J’ai quitté Orillas Nuevas dans le vent et sous des trombes d’eau.

L’orage s’est chargé d’arroser notre dernière et belle soirée. Il a eu raison de nous et en quelques minutes il a dispersé l’éphémère communauté que nous formions durant cette semaine passée ensemble. L’asado sur les trottoirs de Buenos Aires, devant l’atelier Yeruá, à l’invitation de Juan, Camila et Tato, comme ultime souvenir de ma présence chez vous. Des trombes d’eau, comme s’il fallait tirer le rideau sur cette parenthèse avec vous. C’était peut-être une façon de boucler la boucle, puisque j’avais démarré ma semaine sous le signe de l’eau, dans les pas de Martín, à la rencontre de Buenos Aires et de ses rives, du Río de la Plata, des fleuves cachés, des trottoirs surélevés de la Boca et des piscines de fortune sur les trottoirs.

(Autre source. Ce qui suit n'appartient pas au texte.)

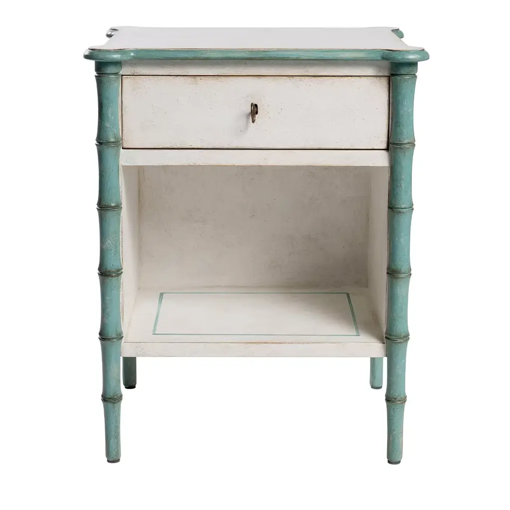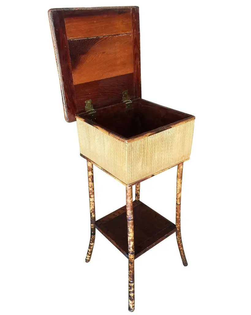 Antique tiger bamboo pedestal side table with rice mat top with flip-open lid storage and a secondary bottom shelf.1950, United StatesWe only purchase and sell the best and finest rattan furniture made by the best and most well-known American designers and manufacturers, including Ritts Company. (Herb Sr. and Shirley Ritts) Tropitan Seven Seas Rattan Paul Frankl Tropical Sun Rattan These designers and companies helped to popularize rattan furniture in the United States during the 1930s through the 1960s.Shirley Ritts was the mother of the photographer and music video director Herb Ritts Jr. Shirley Ritts was born in Baltimore, Maryland, on October 28, 1920. Herb Ritts Sr. also invented the "S springs" under the cushions in the early 50s and replaced the wrapping with preformed plastic.Paul T Frankl came from New York just before the Depression after a great run designing his renowned Skyscraper furniture line. He designed and decorated the homes of Hollywood’s top stars and producers from his Beverly Hills shop.Paul Laszló was a Hungarian-born architect and interior designer whose work spanned eight decades and many countries. László built his reputation while designing interiors for houses in the 1950s to 60s, including rattan furniture in his own style.C.W. Fishbeck started Tropical Sun Rattan of Pasadena in 1905. Tropical Sun produced top-quality real rattan furniture in the Philippines, where most of the above designers also had their designs made. He had showrooms across the country.We have in stock at this time a vast array of rattan from all of these designers, decorators, and architects; their sofas, chairs, and tables, and just about all their designed products from the 40s through the 60s.We would be happy to make you Custom cushions in C.O.M. (Customer's Own Material) are available for a small fee. Simply supply the fabric and we will have the cushions made for you before delivery. If you need help sourcing fabric, we can help! Also small fee. All rattan, bamboo, and wicker furniture has been painstakingly refurbished to the highest standards with the best materials.All refinishing is done by rattan workers with over 30 years of experience. Every wrapping and joint has been inspected by “The Rattan Man,” Harvey Schwartz to guarantee you the finest product available, to enjoy for years to come in your home or office. Harvey Schwartz is the leading expert in vintage rattan and the author of "Rattan Furniture: Tropical Comfort Throughout the Home." Signed copies are available on request for $39.99 USD. The hardbound 160-page full-color book details the fascinating History of rattan with photos of wonderful vintage and modern-day tropical décors and rattan. The book is great for any newcomer to rattan wanting to learn, as well as a top resource for dealers and designers alike.

Je retiens de ces quelques jours, la très agréable sensation d’avoir été accueilli très simplement par chacune et chacun de vous. Vous avez ouvert vos histoires et vos projets pour que nous puissions tenter de travailler ensemble à leurs accomplissements. Cette ouverture et votre disponibilité à l’échange ont permis que nous puissions former à chaque fois un duo entre vous et moi – duo accompagné dans mon cas par Agustina, trait d’union entre nous toutes et tous. Cette ouverture était nécessaire pour que je puisse à ma mesure essayer d’accompagner vos ambitions. Elle était précieuse. D’autant plus précieuse que dans de nombreux cas, j’ai pu, grâce à vous, découvrir vos terrains. Ces visites ont été fondamentales pour mieux appréhender vos réalités. Je mesure l’immense chance que vous m’avez offerte de découvrir vos espaces de jeu, vos ateliers, vos territoires.

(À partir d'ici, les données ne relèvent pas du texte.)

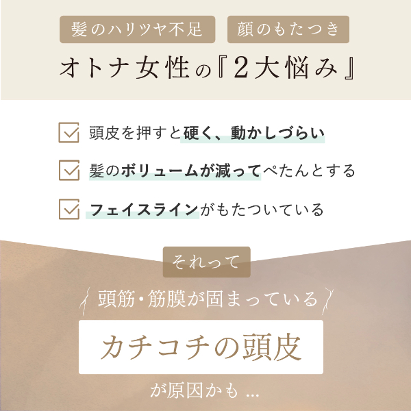 スパ体験しているかのようなリラックス感を味わいながら、「やわらぎケア」、「温熱ケア」、「頭髪洗浄ケア」の3つのケアで、本来の弾むような髪と顔つきを呼び覚ます。
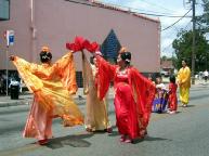![]() 花车准备进入起点 | ![]() 小弟子打横幅 |
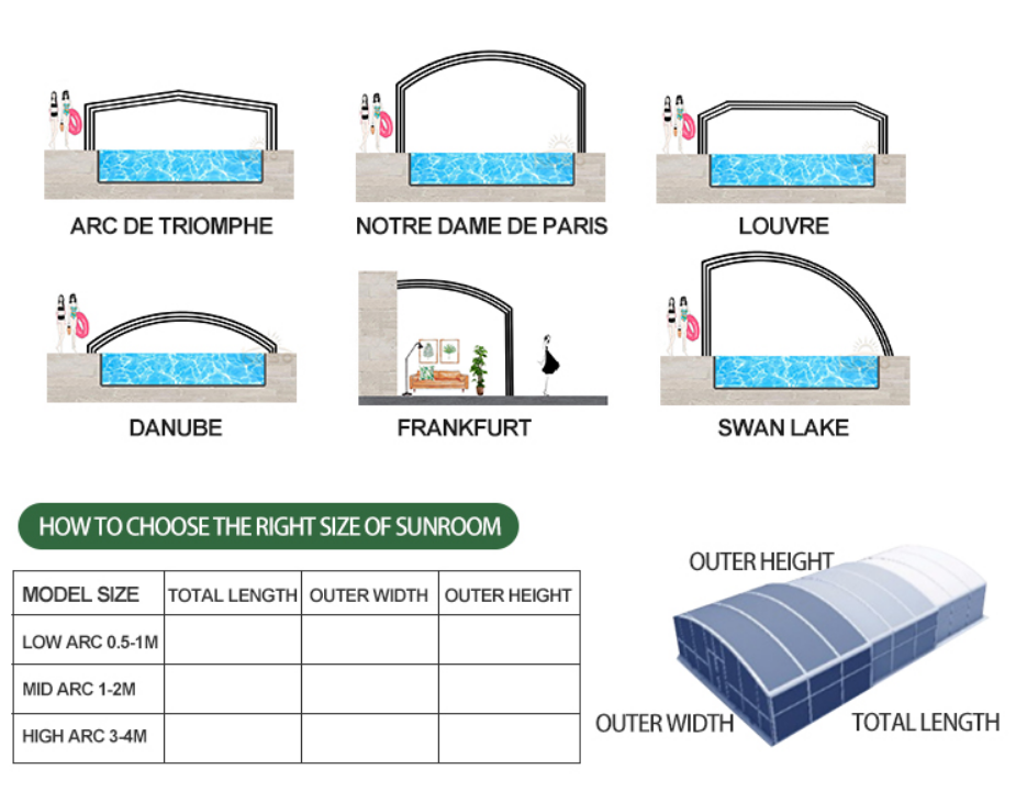 Roof parts and front wall/back wall consist either of 8mm strong doublesheeting polycarbonate or 4mm transparent solid parts.

« Essayer, rater. N’importe. Essayer encore, rater encore, rater mieux » Samuel Beckett Dans mon quotidien, mes convictions et mes désirs ne m’empêchent jamais de douter, de tenter, d’essayer et parfois de me tromper. Je ne suis pas certain que nous ayons, ensemble, été au bout des sujets, ni que nous ayons trouvé les solutions à quelques-unes de vos problématiques. Néanmoins, nous avons essayé et nous nous sommes attelés à cet exercice qui consistait à faire grandir vos histoires, pour que chacune s’émancipe dans sa singularité propre. 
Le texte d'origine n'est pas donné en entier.